Bayesian nonparametric mixture models and the posterior number of clusters

Bayesian nonparametric (BNP) mixture models, such as Dirichlet and Pitman–Yor processes, are powerful tools for clustering because they allow an unbounded number of components. This flexibility is appealing, but it comes with an implicit prior belief: as the sample size grows, the number of clusters tends to infinity. While this seems to be a reasonable prior belief in most applications, there has been recent interest in examining the misspecified setting where data arise from a finite mixture. The central question is whether, in this setting, the data can override the prior and force the posterior distribution on the number of clusters to concentrate on a finite value.
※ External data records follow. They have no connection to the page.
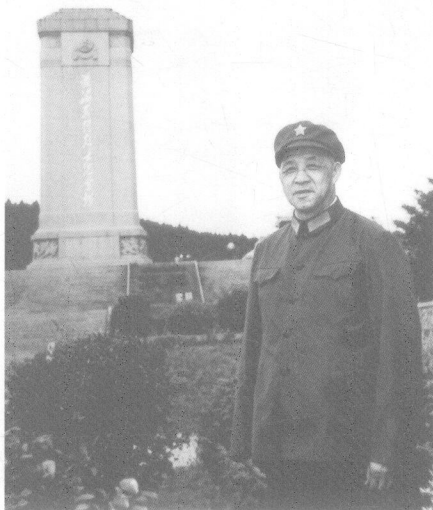
1974年，王建安重访淮海战场，在“淮海战役烈士纪念塔”前留影。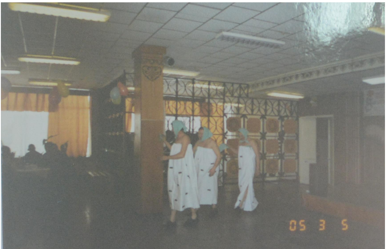
Танец «Берёзка» в исполнении автослесарей .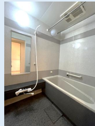
爽快快適バスルーム 浴室乾燥機を備えています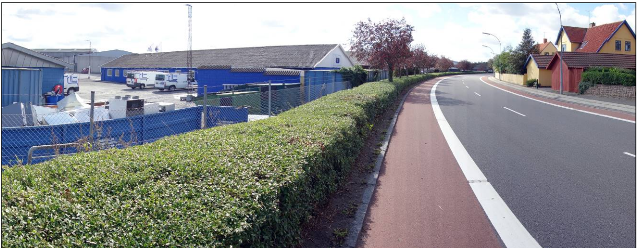
Området til venstre i billedet (mellem havnebassinerne og Søndre Landevej) foreslår REMA 1000 bliver udlagt som bymidte.

REMA 1000 har ladet udarbejde notatet "Udvidelse af Nexø bymidte" dateret 08.03.2019. Der argumenteres i notatet med, at Nexø bymidte både kan udvides i nordlig retning ud mod Nexø Mole og i sydlig retning langs havnebassinerne og Søndre Landevej ud til Søbækken. Det beskrives, at der netop vil være tale om en udvidelse af bymidten indefra og ud og mod områder, der har en vis koncentration af bymidtefunktioner. Det nævnes endvidere, at ved at inddrage områderne både mod nord til Nexø Mole og mod syd ud til Søbækken som en del af Nexø bymidte vil der blive skabt mulighed for at etablere flere publikumsorienterede funktioner.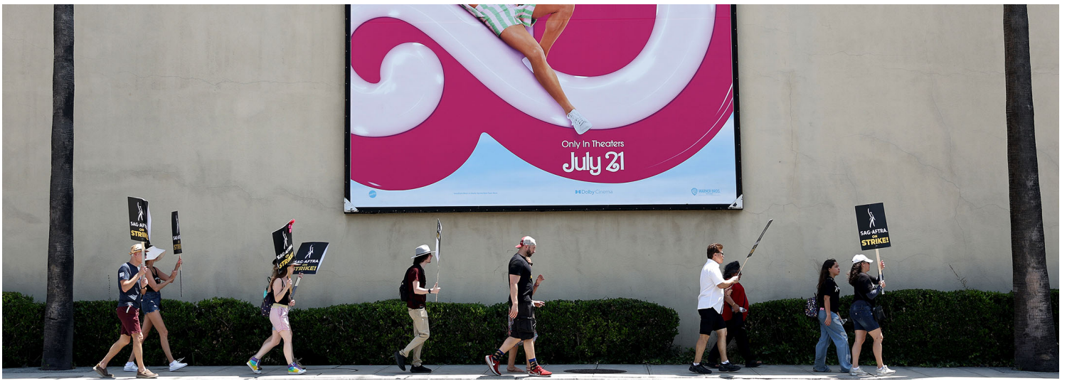
2023年7月17日，加利福尼亚州，罢工的SAG-AFTRA 与WGA成员走过华纳兄弟工作室外的芭比电影广告牌。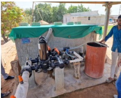
Pumpen befördern Grundwasser zu den Verteilern der Tropf-Bewässerungsschläuche. Flüssigdünger kann zugeschaltet werden.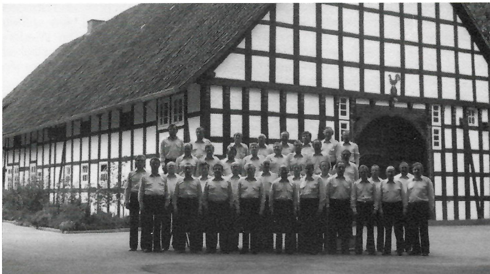
Der Männer-Chor Kaunitz im Jahre 1978 auf dem Hof Johannliemke. In diesem Jahre fand das erste Treffen mit unserem finnischen Partnerchor statt.

singt« war ein voller Erfolg. Unseren Gästen haben wir in der wenigen Freizeit die nähere Umgebung gezeigt; auch das gemütliche Feiern mit ihnen kam nicht zu kurz.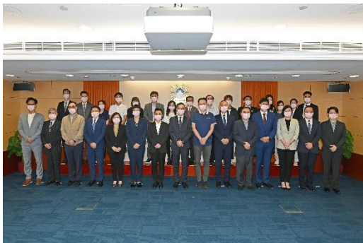
Destina-se ao ensino superior

Destinatários: Escolas primárias, secundárias, nocturnas e universitárias que participaram na “Rede de comunicação com as escolas”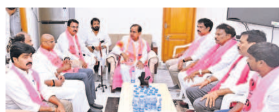
నాగర్ కర్నూల్ సమీక్షలో మాట్లాడుతున్న బీఆర్ఎస్ అధినేత కేసీఆర్, చిత్రంలో ఆర్ఎస్, మాజీ మంత్రిలు, ఎమ్మెల్యేలు, మాజీ ఎమ్మెల్యేలు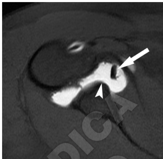
Figure 7.—SE-T1-weighted MR arthroscopic image with fat signal suppression evidencing the absence of the anterosuperior glenoid rim (arrow head) associated with a cord-like appearance of the MGHL (arrow) in a Buford complex picture.

MR in ABER (ABduction and External Rotation) position usually evidences much more clearly the horizontal component of a partial lesion of the rotator cuff (Figure 6) and a fissuration of the superior labrum, and in some cases it could even reveal an interposition of the supraspinatus tendon folded between glenoid and trochitis. 21 Moreover, the ABER position is useful for demonstrating a subluxation of the humeral head (posterior shift of the humeral axis with respect to the center of the glenoid) and anomalies of the anterior capsule. 22 The anterior band of the inferior gleno-humeral liga-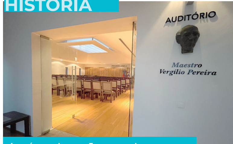
AUDITÓRIO DA JUNTA DE FREGUESIA DE LORDELO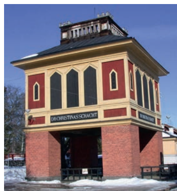
Drottning Christinas schakt

Så är det äntligen dags för lunch och kaffe som intas på Vårdshuset. Efter lunchen finns tid för besök på gruvmuseum och i handelsbodarna. Innan hemfärden åker vi till Aguélimuseet för att ta en titt på Ivan Aguélis konst. Även här finns en liten butik.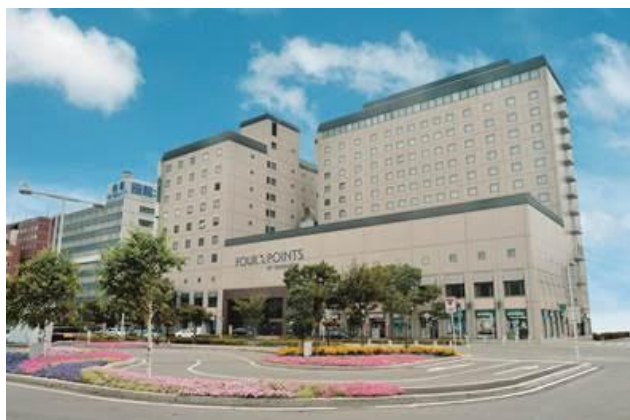
ホテル外観(イメージ)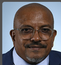
Marcellin NADEAU député de la Martinique

Miller and Harrison (2014) showed that for Dirichlet and Pitman–Yor mixtures, the answer is negative—the posterior is inconsistent for the number of clusters. In this talk, we discuss these findings, generalise them and examine several solutions. We consider a broad range of BNP priors, including Gibbs-type processes and overfitted finite mixtures (Rousseau & Mengersen, 2011). Along the way, we revisit related results on the consistency of the mixing measure and discuss practical strategies proposed in the literature, such as the merge–truncate–merge algorithm of Guha et al. (2019) and the use of hyperpriors on BNP parameters as in Ascolani et al. (2023). The talk will provide intuition for why these inconsistency phenomena occur, explore their theoretical underpinnings, and highlight implications for clustering practice. The contents of this presentation are based on Lawless et al. (2023) and Alamichel et al. (2024).